Mr McConaghy, better known as Doug, was born in Moree, New South Wales in 1928 and was educated in Moree and Sydney.

Doug undertook a five-year Optometry Technician apprenticeship at Ultimo Tech, before joining Sydney Technical College where he spent six years studying for his Diploma of Optometry.

After his studies, between 1950-1952, Doug travelled the world. He worked at a holiday camp and a tea house in England; looked after Ambon refugees in Indonesia; worked for prominent eye care company Bausch and Lomb in Toronto and a timber camp in the Canadian Rockies; and hitchhiked down the west coast of the US.

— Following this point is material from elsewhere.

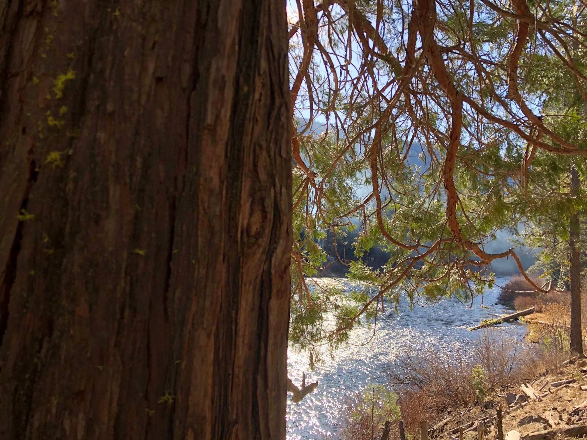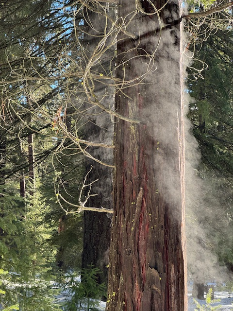 Returning to the riverside of the singing dipper on the next morning, the sky is clear. I pause by a cedar and ponderosa fused at their bases and living this way for centuries. Nearby, a lofty ponderosa pine forks forty feet up and then splits into six vertical trunks. The day is warming. Mist rises from the Metolius. Trees wet from melting snow are misting, too. Breathing. Exhaling. A dipper lilts into a jazz riff.

Doug started working as an optometrist in 1953 when he joined Gibb and Beeman in George St, Sydney. He operated four mobile optometry vans servicing the remote NSW communities of Hay, Lake Cargelligo, Temora, West Wyalong, Deniliquin, Corowa, Leeton and Yass, for six weeks at a time before returning to Sydney.

Left: one of Doug’s Gibb and Beeman mobile optometry vans. Right: Doug’s own mobile clinic

 

He then left Gibb and Beeman and worked for WS Jackson from 1954-1958, before starting his own business in Narrabeen, with rooms in Mona Vale and Newport.

Doug practiced for 53 years in Waterloo Street, Narrabeen. He was an Institution in the village, carrying out home visits to local war veterans and continuing with what he called his “bush trips”.

Doug resumed these mobile optometry trips in 1969, and went to extraordinary effort to visit northwest country towns without local optometrists. He visited Wellington, Lightning Ridge, Grawin Opal Fields, Coonamble, Walgett and other towns, usually travelling for 10 days at a time. Over 38 years he clocked 225,000 miles in a home-made mobile clinic mounted on three successive Ford F-250 trucks. Doug usually operated on the main street of a town, with a power lead supplied from a nearby shop, before camping in the car park of a local hotel.

Doug retired in 2012, at age 83, after 59 years of work. He counted some 12,000 patients on his card file. He found sailing around Pittwater on his old timber yacht, Camelot, as a way to keep on with his busy life. He passed away this year at age 93.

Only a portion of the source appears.